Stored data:

-- Opening Marker --

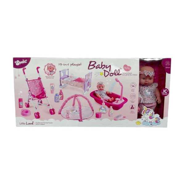 Πλήρες σετ φροντίδας μωρού με κούκλα, κρεβατάκι, καροτσάκι, πάρκο, μπανάκι και όλα τα απαραίτητα αξεσουάρ για την ολοκληρωμένη φροντίδα και
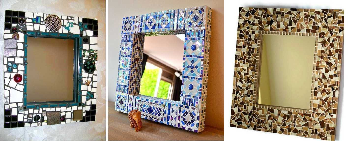 Мозаика. За основу можно взять картон, в центр приклеить зеркало, а вокруг обложить мозаикой из плитки. Зазоры заделываются обычной замазкой для плитки.
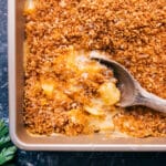 Remove foil and pierce the center of the pan with a table knife to check if the potatoes are tender. If not, bake for 5–10 more minutes and check again. Remove from oven and gently stir the potatoes with a spatula, then smooth into an even layer. Sprinkle with the remaining 1/2 cup Cheddar cheese and the panko topping. Bake for another 10–15 minutes, until golden and bubbly. Remove and let stand for 5–10 minutes before serving. The sauce will thicken as it stands. Enjoy!
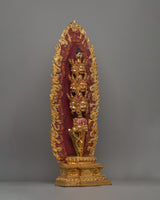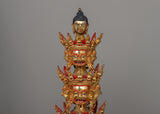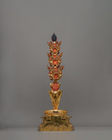 This Phurba with throne craft stands 81 cm in height and 29 cm in width and weighs 7.866 kg. It is an intricate representation of Buddhist Hayagriva in the Heruka form, embodying powerful, wrathful energy. Crafted from copper and finished with gold plating, this piece features beautifully detailed nine angry faces, each symbolizing a different aspect of wrath and transformative energy. Amitabha Buddha's head is crafted at the top of the phurba with the other 9 Heruka heads below, adding a layer of compassion to this fierce figure. The Phurba, a traditional ritual dagger, is often used to cut through illusions and negativities symbolically, and in this representation, it is elevated with extraordinary craftsmanship.
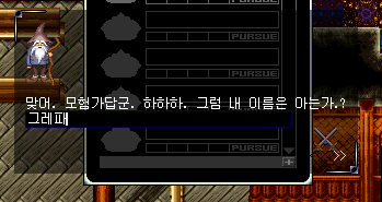 가서 그레파에게 말을 걸면 대화라는 선택지를 볼 수 있다.
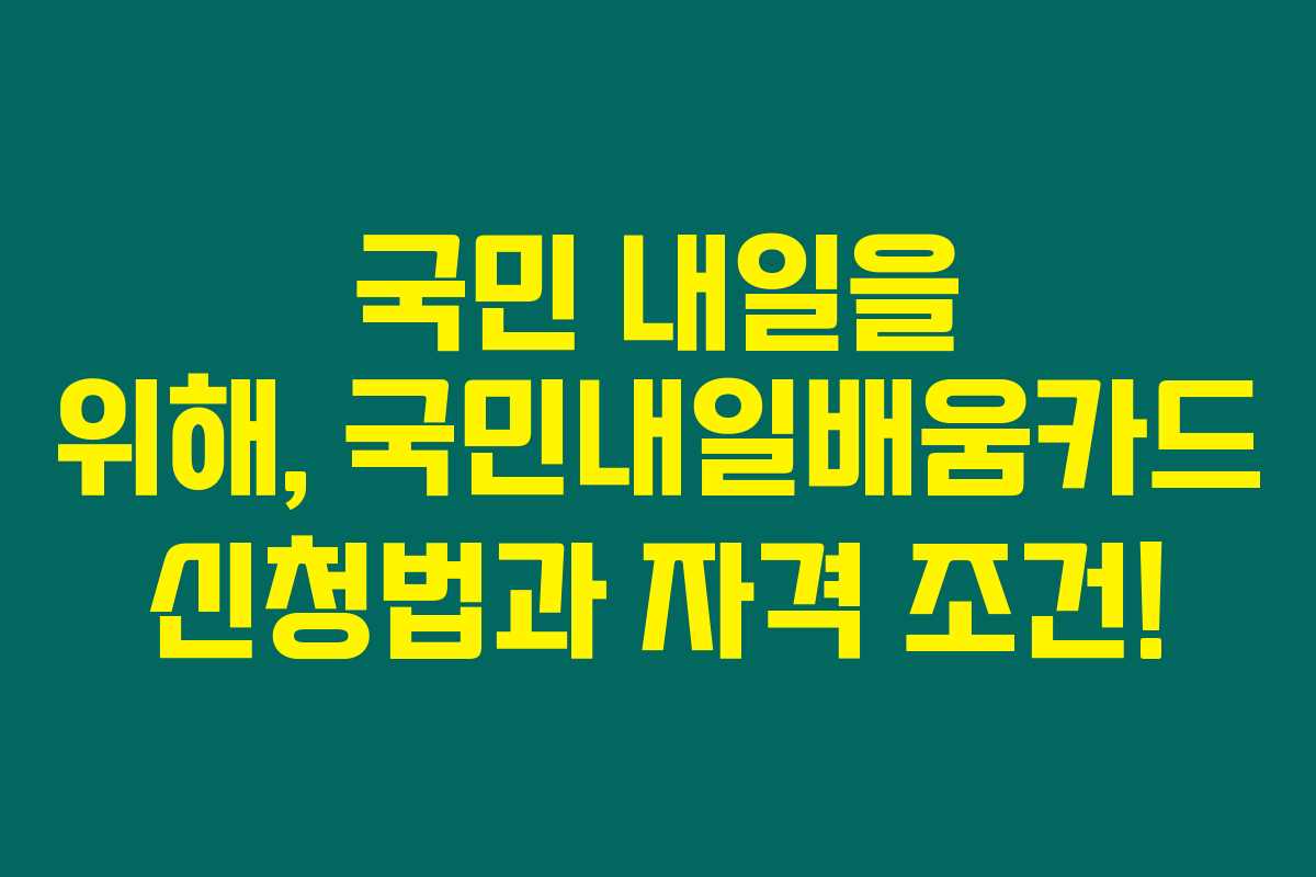 제가 판단하기로는, 국민내일배움카드는 이제 더 많은 사람들에게 직업훈련의 기회를 제공하기 위해 만들어진 제도랍니다. 이 글에서는 국민내일배움카드의 신청 방법과 자격 조건을 자세히 알려드릴게요.

-- Closing Marker --

→ Work item
Exact output of each line above is wanted, without the pictures.

→ Result of this task
 Πλήρες σετ φροντίδας μωρού με κούκλα, κρεβατάκι, καροτσάκι, πάρκο, μπανάκι και όλα τα απαραίτητα αξεσουάρ για την ολοκληρωμένη φροντίδα και
 Мозаика. За основу можно взять картон, в центр приклеить зеркало, а вокруг обложить мозаикой из плитки. Зазоры заделываются обычной замазкой для плитки.
 Remove foil and pierce the center of the pan with a table knife to check if the potatoes are tender. If not, bake for 5–10 more minutes and check again. Remove from oven and gently stir the potatoes with a spatula, then smooth into an even layer. Sprinkle with the remaining 1/2 cup Cheddar cheese and the panko topping. Bake for another 10–15 minutes, until golden and bubbly. Remove and let stand for 5–10 minutes before serving. The sauce will thicken as it stands. Enjoy!
 This Phurba with throne craft stands 81 cm in height and 29 cm in width and weighs 7.866 kg. It is an intricate representation of Buddhist Hayagriva in the Heruka form, embodying powerful, wrathful energy. Crafted from copper and finished with gold plating, this piece features beautifully detailed nine angry faces, each symbolizing a different aspect of wrath and transformative energy. Amitabha Buddha's head is crafted at the top of the phurba with the other 9 Heruka heads below, adding a layer of compassion to this fierce figure. The Phurba, a traditional ritual dagger, is often used to cut through illusions and negativities symbolically, and in this representation, it is elevated with extraordinary craftsmanship.
 가서 그레파에게 말을 걸면 대화라는 선택지를 볼 수 있다.
 제가 판단하기로는, 국민내일배움카드는 이제 더 많은 사람들에게 직업훈련의 기회를 제공하기 위해 만들어진 제도랍니다. 이 글에서는 국민내일배움카드의 신청 방법과 자격 조건을 자세히 알려드릴게요.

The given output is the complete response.